Here we look for studentized residuals that fall outside the interval given by the Bonferroni corrected t-values.  In the case of the reduced model we do not see any outliers.

#### Check for influential points. 

We plot the Cook's distances and the residual-leverage plot with level set contours of the Cook distance.   
```{r}
plot(lm.fit,which =4)
plot(lm.fit,which = 5)
```

We see that data element 21 is an influential point for the reduced model under the criterie $D_i > \frac{1}{2}$. Elements 1 and 3 are also influential under the criteria $D_i > \frac{4}{n}$

### Now return to the full model, determine whether there are any outliers or influential points

#### Check for outliers. 

```{r}
lm.fit <- lm(stack.loss ~ .,data=df)
numPredictors<- 3
studentized.residuals <- rstudent(lm.fit)
max.residual <- studentized.residuals[which.max(abs(studentized.residuals))]
range.residuals <- range(studentized.residuals)
names(range.residuals) <- c("left", "right")
pander(data.frame(range.residuals=t(range.residuals)), caption="Range of Studentized residuals")
p<-numPredictors+1
n<-nrow(df)
t.val.alpha <- qt(.05/(n*2),n-p-1)
pander(data.frame(t.val.alpha = t.val.alpha), caption = "Bonferroni corrected t-value")

outlier.index <- abs(studentized.residuals) > abs(t.val.alpha)

outliers <- df[outlier.index==TRUE,]

if(nrow(outliers)>=1)
{
  pander(outliers, caption = "outliers")
}

```

Here we look for studentized residuals that fall outside the interval given by the Bonferroni corrected t-values.  we see there are no outliers for the full model

#### Check for influential points. 

We plot the Cook's distances and the residual-leverage plot with level set contours of the Cook distance.  

```{r}
plot(lm.fit,which =4)
plot(lm.fit,which = 5)
```

We see element 21 is an infuential point, and that 1 and 4 are also influential under the criteria $D_i > \frac{4}{n}$.  Since element 1 is an influential in both the full and reduced model we remove that alsong with element 21. 
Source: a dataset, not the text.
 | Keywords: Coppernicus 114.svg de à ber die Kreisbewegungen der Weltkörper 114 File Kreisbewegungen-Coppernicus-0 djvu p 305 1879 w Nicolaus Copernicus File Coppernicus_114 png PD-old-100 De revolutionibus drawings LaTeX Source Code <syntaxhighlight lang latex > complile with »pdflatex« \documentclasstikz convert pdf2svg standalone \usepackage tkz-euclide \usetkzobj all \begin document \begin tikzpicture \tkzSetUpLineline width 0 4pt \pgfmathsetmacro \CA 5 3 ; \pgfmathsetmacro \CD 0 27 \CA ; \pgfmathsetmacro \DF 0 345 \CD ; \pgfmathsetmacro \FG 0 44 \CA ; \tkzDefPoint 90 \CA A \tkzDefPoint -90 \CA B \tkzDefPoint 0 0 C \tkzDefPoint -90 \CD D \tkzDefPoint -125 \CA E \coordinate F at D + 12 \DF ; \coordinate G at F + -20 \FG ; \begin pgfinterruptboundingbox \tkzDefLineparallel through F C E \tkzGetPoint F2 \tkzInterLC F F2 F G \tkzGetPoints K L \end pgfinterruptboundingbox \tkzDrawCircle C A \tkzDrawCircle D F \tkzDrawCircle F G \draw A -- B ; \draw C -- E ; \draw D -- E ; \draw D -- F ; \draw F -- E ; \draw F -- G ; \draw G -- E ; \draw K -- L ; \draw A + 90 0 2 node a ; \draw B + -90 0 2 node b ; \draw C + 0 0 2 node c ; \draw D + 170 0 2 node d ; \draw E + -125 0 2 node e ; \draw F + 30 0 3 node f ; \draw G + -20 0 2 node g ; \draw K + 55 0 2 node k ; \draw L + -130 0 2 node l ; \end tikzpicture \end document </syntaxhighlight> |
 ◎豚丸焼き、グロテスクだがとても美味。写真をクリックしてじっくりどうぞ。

### Eliminate the outliers and influential points for the full model and then repeat the variable selection procedures.

```{r}
df <- df[-c(1,21),]
regsubsets.out <- regsubsets(stack.loss ~ .,data=df,method = "exhaustive",nvmax=8) 
rs <- summary(regsubsets.out)
rs$which
plot(regsubsets.out, scale = "Cp", main = "Mallow C_p")
n <-nrow(df)
AIC <- n*log(rs$rss/n) + (2:4)*2
plot(AIC ~ I(1:3), ylab="AIC", xlab="Number of Predictors")

```

We see that the subset selection routine has chosen the same model $stack.loss \sim Air.Flow + Water.Temp$.